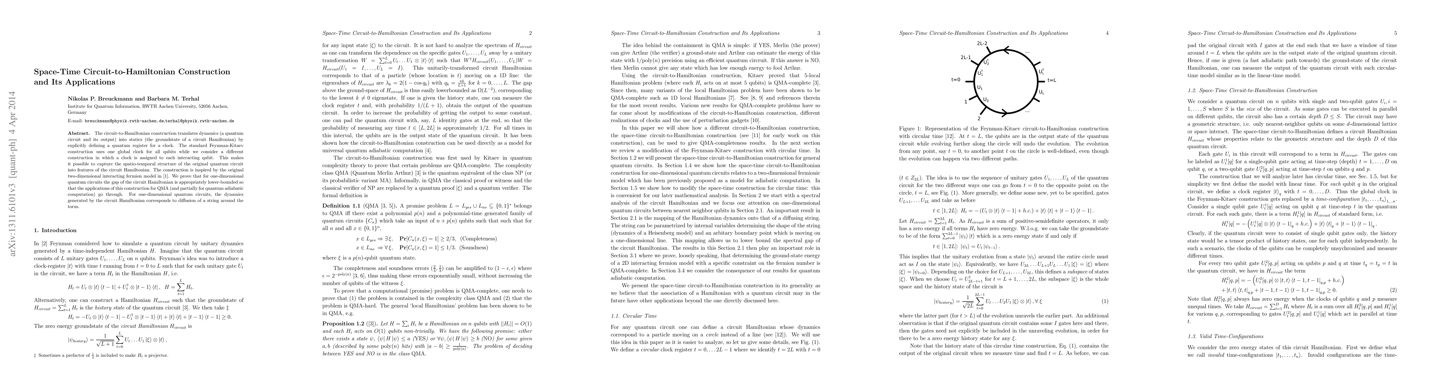 The circuit-to-Hamiltonian construction translates dynamics (a quantum circuit and its output) into statics (the groundstate of a circuit Hamiltonian) by explicitly defining a quantum register for a clock. The standard Feynman-Kitaev construction uses one global clock for all qubits while we consider a different construction in which a clock is assigned to each interacting qubit. This makes it possible to capture the spatio-temporal structure of the original quantum circuit into features of the circuit Hamiltonian. The construction is inspired by the original two-dimensional interacting fermionic model (see http://link.aps.org/doi/10.1103/PhysRevA.63.040302) We prove that for one-dimensional quantum circuits the gap of the circuit Hamiltonian is appropriately lower-bounded, partially using results on mixing times of Markov chains, so that the applications of this construction for QMA (and partially for quantum adiabatic computation) go through. For one-dimensional quantum circuits, the dynamics generated by the circuit Hamiltonian corresponds to diffusion of a string around the torus.
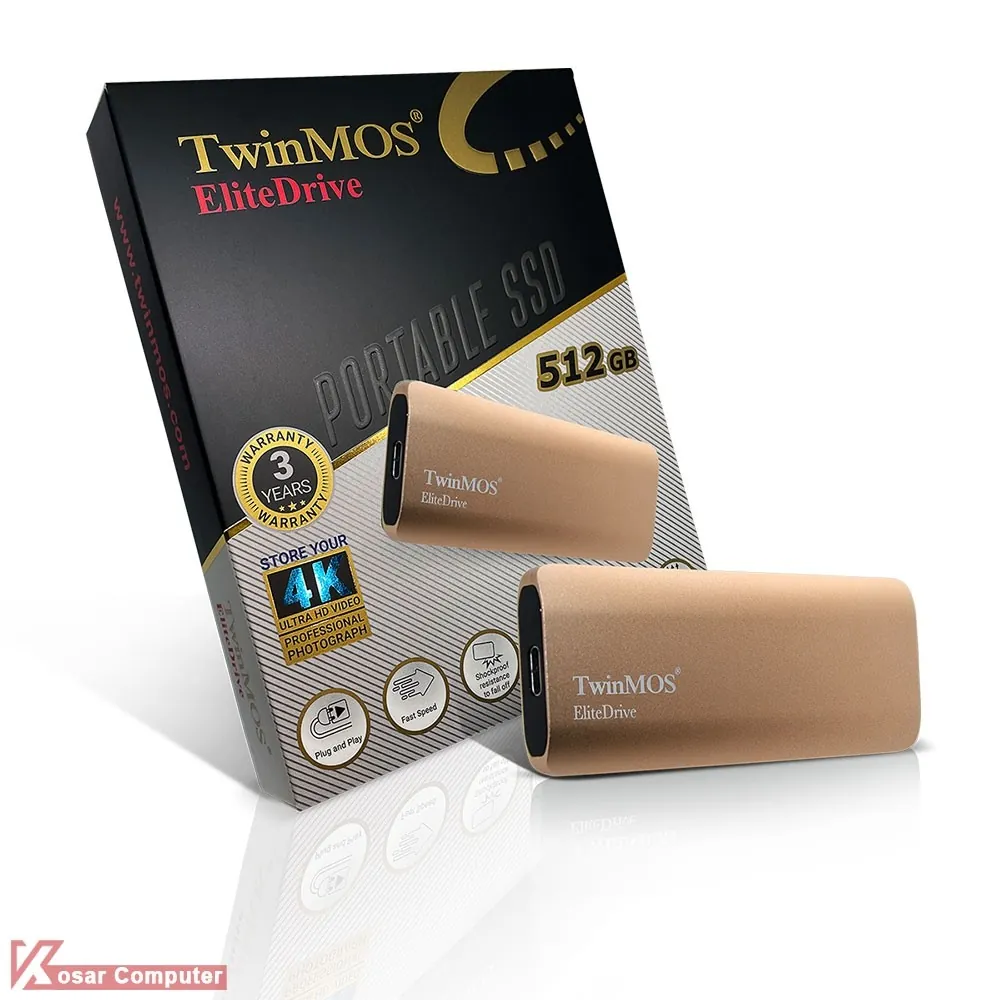 حافظه ی اس اس دی اکسترنال تویین موس TwinMOS Portable دارای ظرفیت 512 گیگابایت است و توسط رابط پر سرعت USB 3.2 Type-C به سیستم متصل می شود و سرعت بسیار بالایی در انتقال اطلاعات شما دارد.همچنین وزن اس اس دی هم سبک است و می توان همیشه به همراه خود داشته باش
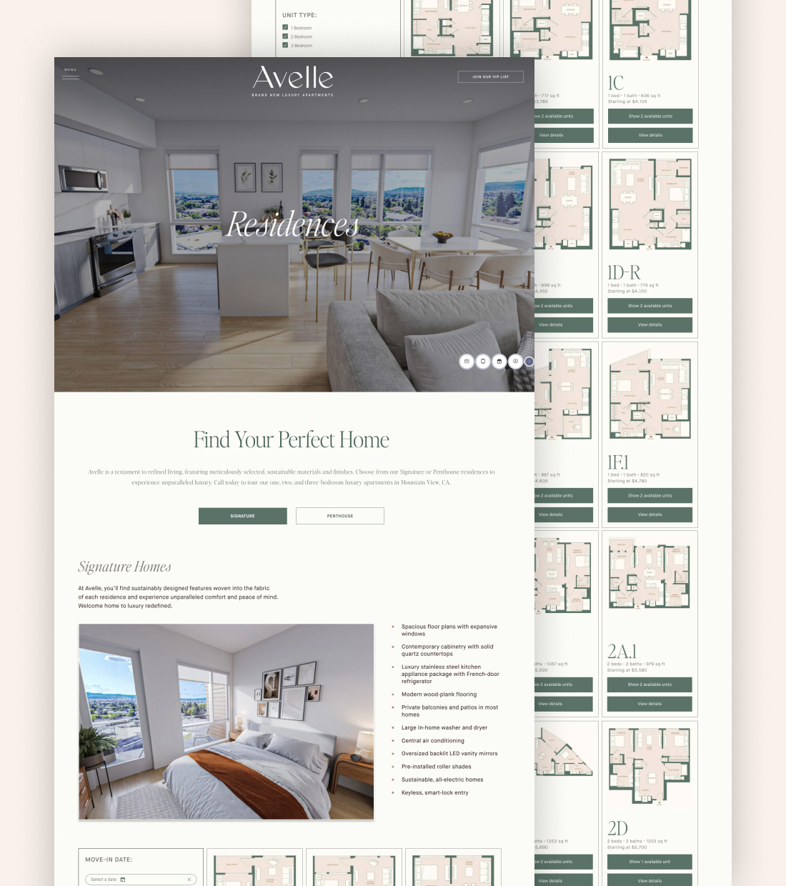 By incorporating clear menus and strategically placed calls-to-action, we guided users effortlessly through the site, making it simple to access key information or schedule a tour. This approach not only enhances usability but also reflects the elegance and sophistication of Avelle’s brand.
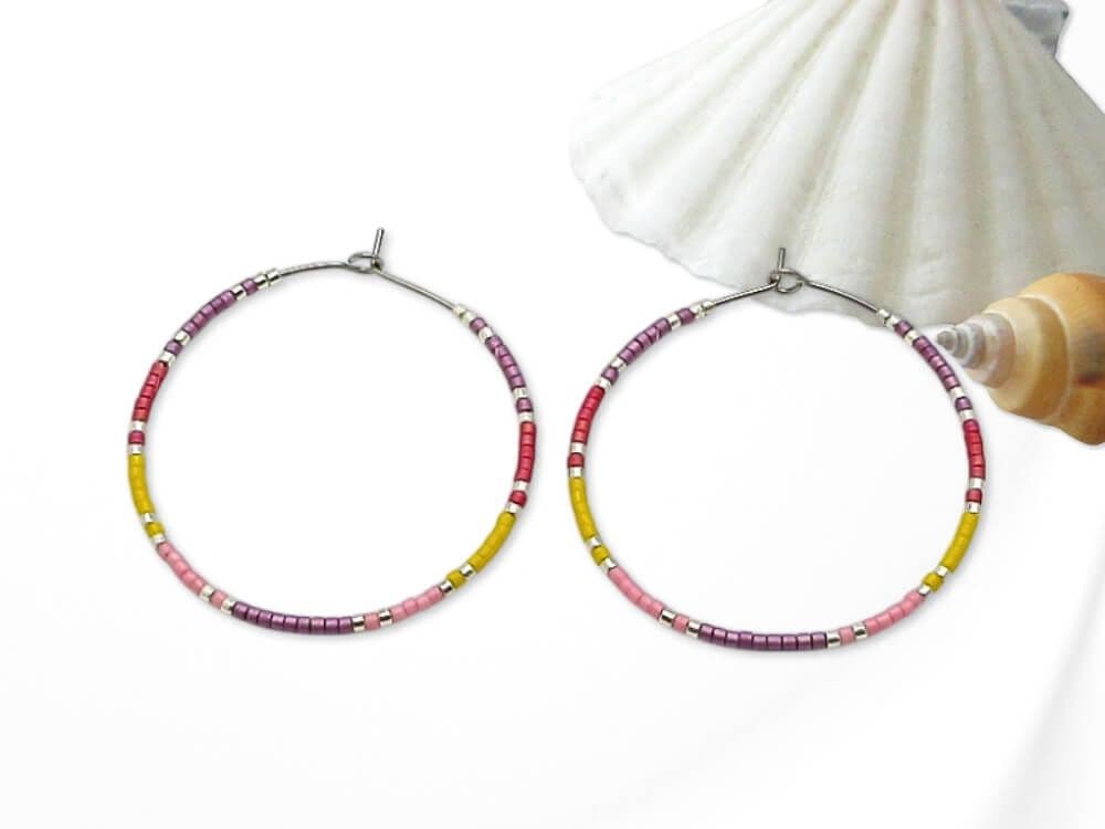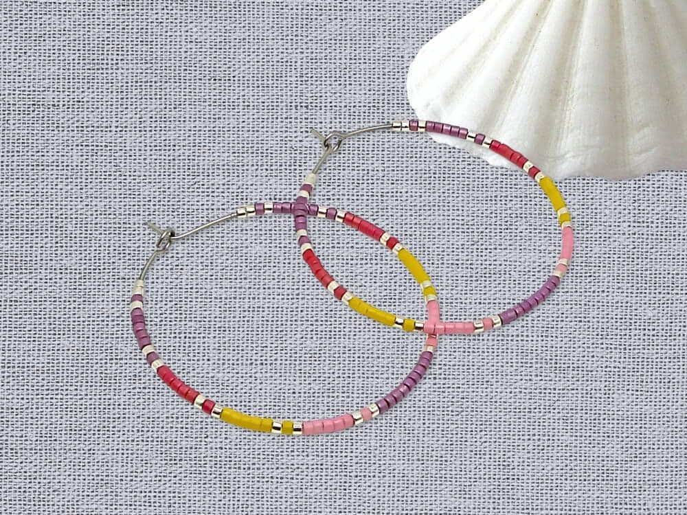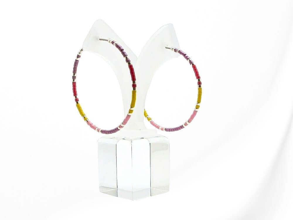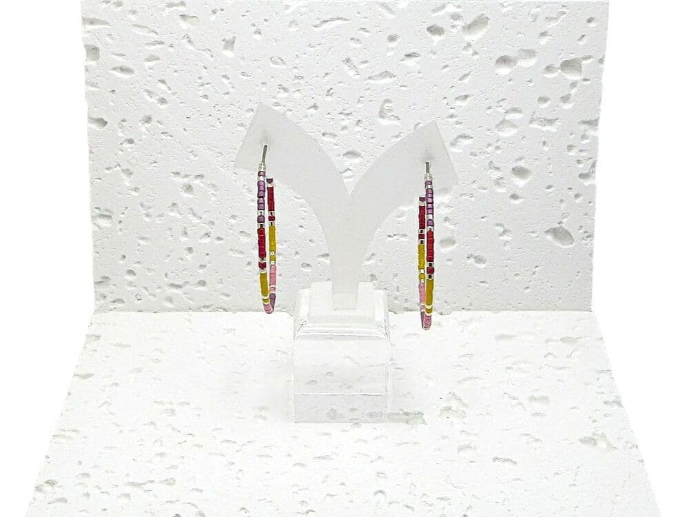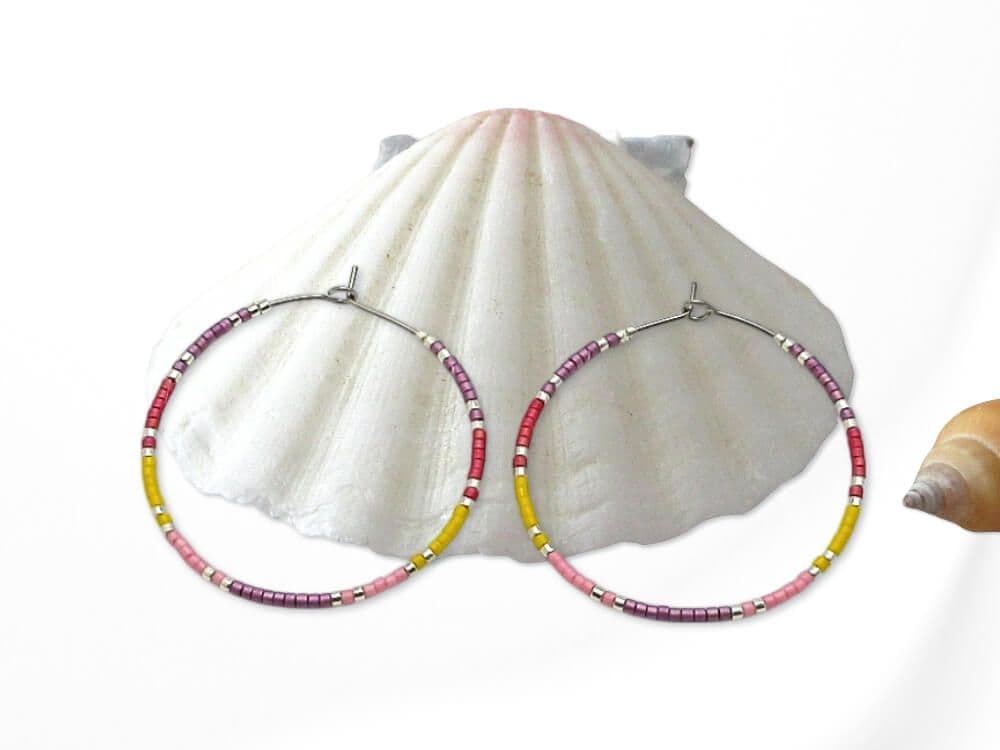 Not only are these hoop earrings a fashion statement, but they also make a meaningful friendship or birthday gift for friends & loved ones. This stunning combination of purple, pink, yellow ochre, red & silver seed beads adds a pop of colour to any outfit. Available in sizes 20mm, 25mm, 30mm, 35mm, and 40mm, you can choose the perfect fit for your personal style. The earrings in the photos are 40mm Stainless Steel.
::::
» Directions for this task
Everything in the listing above must be retyped exactly, except for the pictures.

» The completed task
 The circuit-to-Hamiltonian construction translates dynamics (a quantum circuit and its output) into statics (the groundstate of a circuit Hamiltonian) by explicitly defining a quantum register for a clock. The standard Feynman-Kitaev construction uses one global clock for all qubits while we consider a different construction in which a clock is assigned to each interacting qubit. This makes it possible to capture the spatio-temporal structure of the original quantum circuit into features of the circuit Hamiltonian. The construction is inspired by the original two-dimensional interacting fermionic model (see http://link.aps.org/doi/10.1103/PhysRevA.63.040302) We prove that for one-dimensional quantum circuits the gap of the circuit Hamiltonian is appropriately lower-bounded, partially using results on mixing times of Markov chains, so that the applications of this construction for QMA (and partially for quantum adiabatic computation) go through. For one-dimensional quantum circuits, the dynamics generated by the circuit Hamiltonian corresponds to diffusion of a string around the torus.
 حافظه ی اس اس دی اکسترنال تویین موس TwinMOS Portable دارای ظرفیت 512 گیگابایت است و توسط رابط پر سرعت USB 3.2 Type-C به سیستم متصل می شود و سرعت بسیار بالایی در انتقال اطلاعات شما دارد.همچنین وزن اس اس دی هم سبک است و می توان همیشه به همراه خود داشته باش
 By incorporating clear menus and strategically placed calls-to-action, we guided users effortlessly through the site, making it simple to access key information or schedule a tour. This approach not only enhances usability but also reflects the elegance and sophistication of Avelle’s brand.
 Not only are these hoop earrings a fashion statement, but they also make a meaningful friendship or birthday gift for friends & loved ones. This stunning combination of purple, pink, yellow ochre, red & silver seed beads adds a pop of colour to any outfit. Available in sizes 20mm, 25mm, 30mm, 35mm, and 40mm, you can choose the perfect fit for your personal style. The earrings in the photos are 40mm Stainless Steel.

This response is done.